===== Collected data
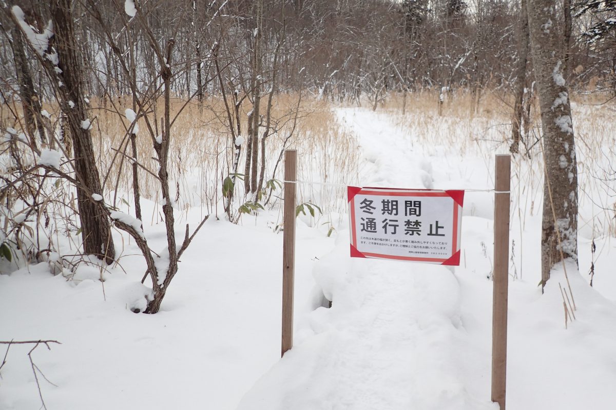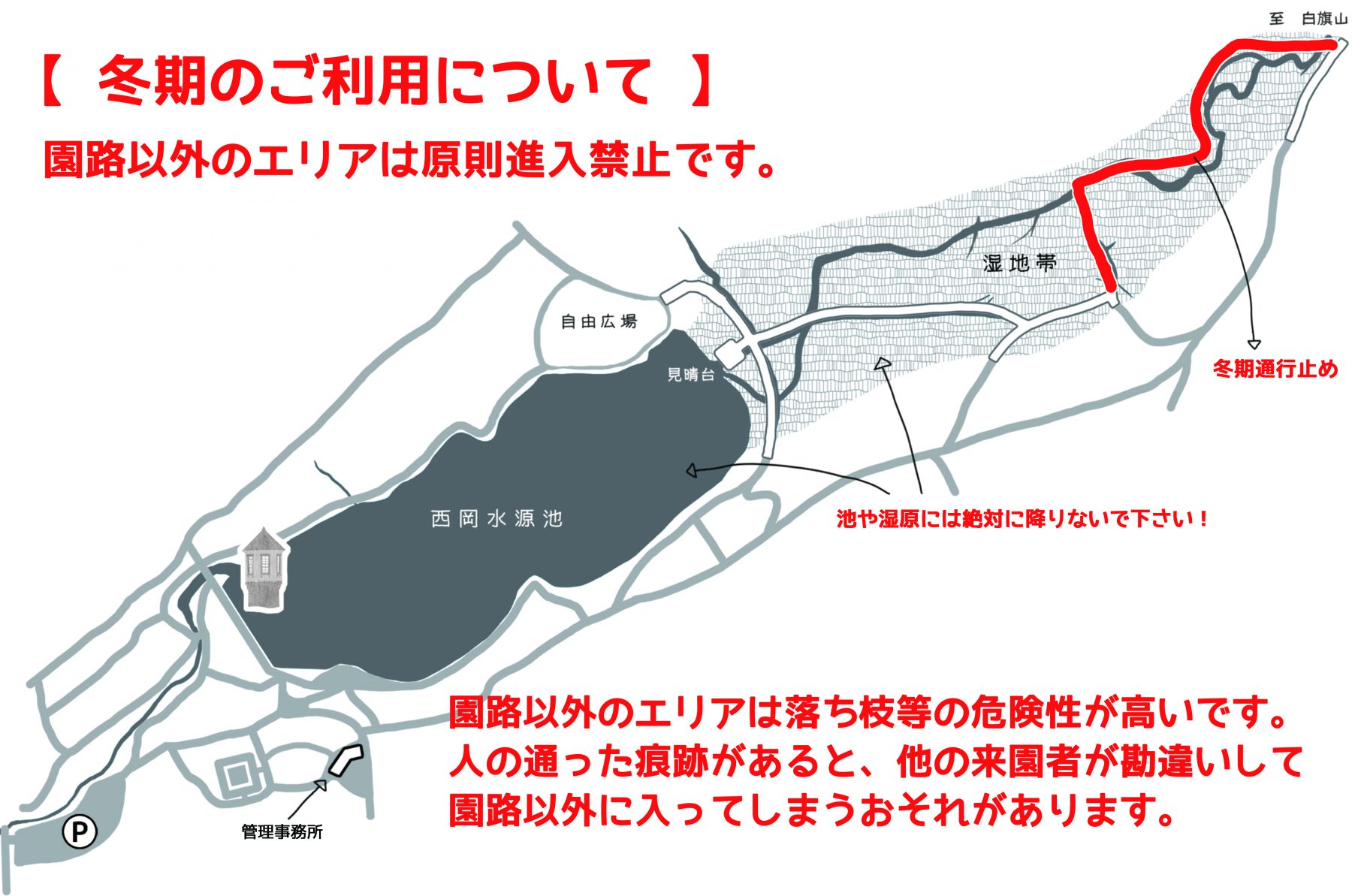 冬の西岡公園は積雪により危険性のある場所がわかりづらくなっております。
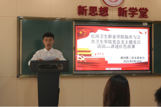 紧接着由教师第二党支部的杨怀毅、段云龙两位同志为大家讲述了“这辈子跟着中国共产党是我最大的光荣——杨家训”、“石屏籍革命烈士——许志”的红色故事,全体党员同志认真聆听,深受感动和鼓舞。
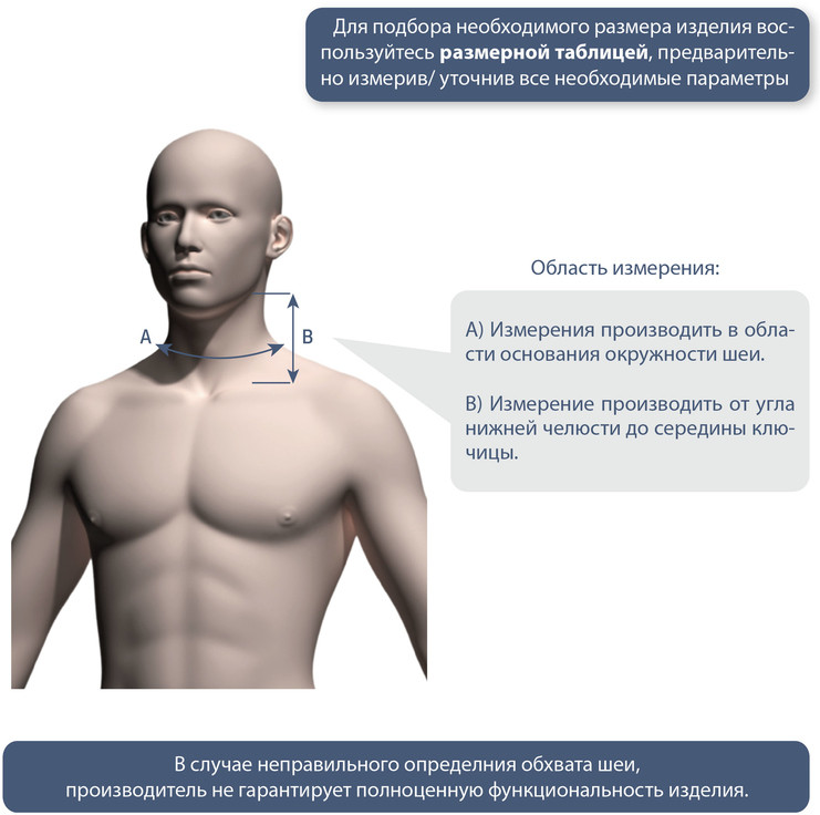 • выбрать необходимую высоту воротника, измерив длину от ветви нижней челюсти до ключицы;
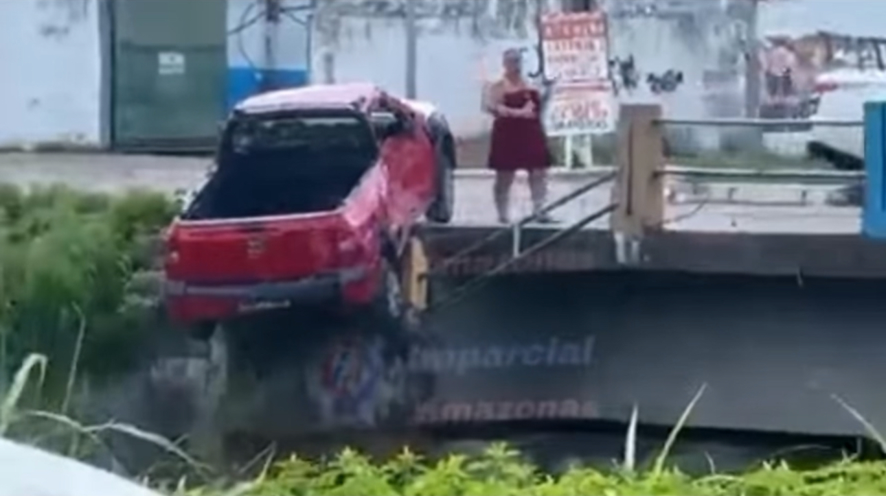 Um acidente grave na avenida Silves, bairro Cachoeirinha, zona sul de Manaus, causou momentos de tensão na tarde deste sábado (10). Uma picape vermelha colidiu com um ônibus de transporte público e, de forma impressionante, perdeu o controle ao impacto. O veículo avançou sobre a mureta da avenida e ficou parcialmente suspenso sobre um igarapé, com as rodas dianteiras penduradas sobre a água, gerando uma cena de grande risco e chamando a atenção de todos que passavam pela região da ponte.
==========
An exact, picture-free copy of the listing above is the goal; write it out now.

Solution -
 冬の西岡公園は積雪により危険性のある場所がわかりづらくなっております。
 紧接着由教师第二党支部的杨怀毅、段云龙两位同志为大家讲述了“这辈子跟着中国共产党是我最大的光荣——杨家训”、“石屏籍革命烈士——许志”的红色故事,全体党员同志认真聆听,深受感动和鼓舞。
 • выбрать необходимую высоту воротника, измерив длину от ветви нижней челюсти до ключицы;
 Um acidente grave na avenida Silves, bairro Cachoeirinha, zona sul de Manaus, causou momentos de tensão na tarde deste sábado (10). Uma picape vermelha colidiu com um ônibus de transporte público e, de forma impressionante, perdeu o controle ao impacto. O veículo avançou sobre a mureta da avenida e ficou parcialmente suspenso sobre um igarapé, com as rodas dianteiras penduradas sobre a água, gerando uma cena de grande risco e chamando a atenção de todos que passavam pela região da ponte.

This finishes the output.